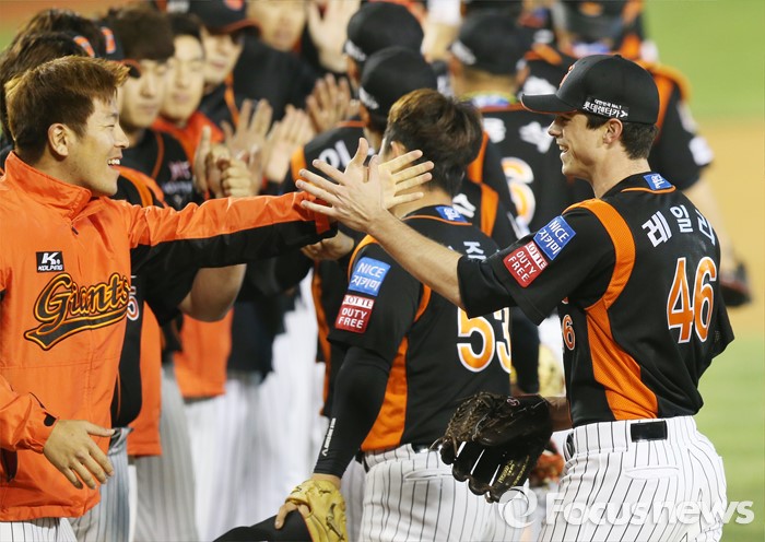 (서울=포커스뉴스) 14일 서울 잠실구장에서 열린 2016 프로야구 롯데-LG 경기에서 롯데 투수 레일리가 10탈삼진 무사사구 완봉승 거두고 주장 강민호의 축하를 받고 있다.
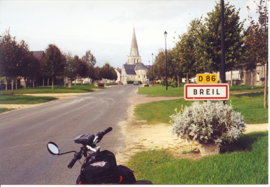 L es 48 km du Lude au Mans sont sans histoire.J’avais espéré coucher au Mans, mais aucun camping n’est ouvert; l’Office du tourisme me confirme que celui de Conlie sur la D304 l’est. Ce qui me sourit moins, c’est qu’il est à 22 km au nord-ouest du Mans, en dehors de la route d’Alençon. Mais je n’ai pas le choix. Le camping municipal de la Gironde est situé au pied de la localité sise au sommet d’une colline. Aucune présence à l’entrée. Il est très beau, mais les services sont coupés, sauf un robinet à l’extérieur. Je choisis un terrain entouré de haies. J’avais vu un Super U à l’entrée du bourg, j’y retourne pour faire mon marché de la journée 117,80 FF (24,03$). Au souper, j’ai de la compagnie, un jeune chat affamé qui s’ennuie probablement des touristes d’été. J’accepte de partager ma baguette de pain avec lui.
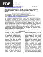 time, space, and information access in world trade and commerce as a whole. The e-banking and ecommerce is changing the banking industry and is having the major effects on banking relationships. Within banking culture, the flow of information in customer services and applications cannot be understood if detached from an Information Communication Technology technical prospective. The widening use of Information Communication Technology in e-banking is having profound impacts on e-services. The impacts of Information Communication Technology are more than just those of efficiency and effectiveness. The impact of Information Communication Technology is moving deeper and deeper into substantial economic and social science domains, where it increasingly interacts with them. The literature provides an extensive account of the relationships between Information and Communication Technology, e-service quality, customer satisfaction, and financial performance. In this paper authors have briefly described the various researches carried out in the area of e-banking. This paper also states that how the adoption of technology is useful for banking organizations to identify, preserve and disseminate best context of e-service practices to satisfy the customers to achieve business goal. Reference Books: 1. Report of the Committee on Customer Service in Banks, Reserve Bank of India, Mumbai-2011. 2. SBI Training guide for Internet Banking-2010 3. E-Banking in India, Jaysree, ICFAI-2009 4. E.Banking in India: Challenges and Opportunities, Rimpi, New Century Publications=0ct.2007.

##########

Your assignment: The full listing must come back exactly as written, with its pictures left out.

Solution to this problem:
 (서울=포커스뉴스) 14일 서울 잠실구장에서 열린 2016 프로야구 롯데-LG 경기에서 롯데 투수 레일리가 10탈삼진 무사사구 완봉승 거두고 주장 강민호의 축하를 받고 있다.
 L es 48 km du Lude au Mans sont sans histoire.J’avais espéré coucher au Mans, mais aucun camping n’est ouvert; l’Office du tourisme me confirme que celui de Conlie sur la D304 l’est. Ce qui me sourit moins, c’est qu’il est à 22 km au nord-ouest du Mans, en dehors de la route d’Alençon. Mais je n’ai pas le choix. Le camping municipal de la Gironde est situé au pied de la localité sise au sommet d’une colline. Aucune présence à l’entrée. Il est très beau, mais les services sont coupés, sauf un robinet à l’extérieur. Je choisis un terrain entouré de haies. J’avais vu un Super U à l’entrée du bourg, j’y retourne pour faire mon marché de la journée 117,80 FF (24,03$). Au souper, j’ai de la compagnie, un jeune chat affamé qui s’ennuie probablement des touristes d’été. J’accepte de partager ma baguette de pain avec lui.
 time, space, and information access in world trade and commerce as a whole. The e-banking and ecommerce is changing the banking industry and is having the major effects on banking relationships. Within banking culture, the flow of information in customer services and applications cannot be understood if detached from an Information Communication Technology technical prospective. The widening use of Information Communication Technology in e-banking is having profound impacts on e-services. The impacts of Information Communication Technology are more than just those of efficiency and effectiveness. The impact of Information Communication Technology is moving deeper and deeper into substantial economic and social science domains, where it increasingly interacts with them. The literature provides an extensive account of the relationships between Information and Communication Technology, e-service quality, customer satisfaction, and financial performance. In this paper authors have briefly described the various researches carried out in the area of e-banking. This paper also states that how the adoption of technology is useful for banking organizations to identify, preserve and disseminate best context of e-service practices to satisfy the customers to achieve business goal. Reference Books: 1. Report of the Committee on Customer Service in Banks, Reserve Bank of India, Mumbai-2011. 2. SBI Training guide for Internet Banking-2010 3. E-Banking in India, Jaysree, ICFAI-2009 4. E.Banking in India: Challenges and Opportunities, Rimpi, New Century Publications=0ct.2007.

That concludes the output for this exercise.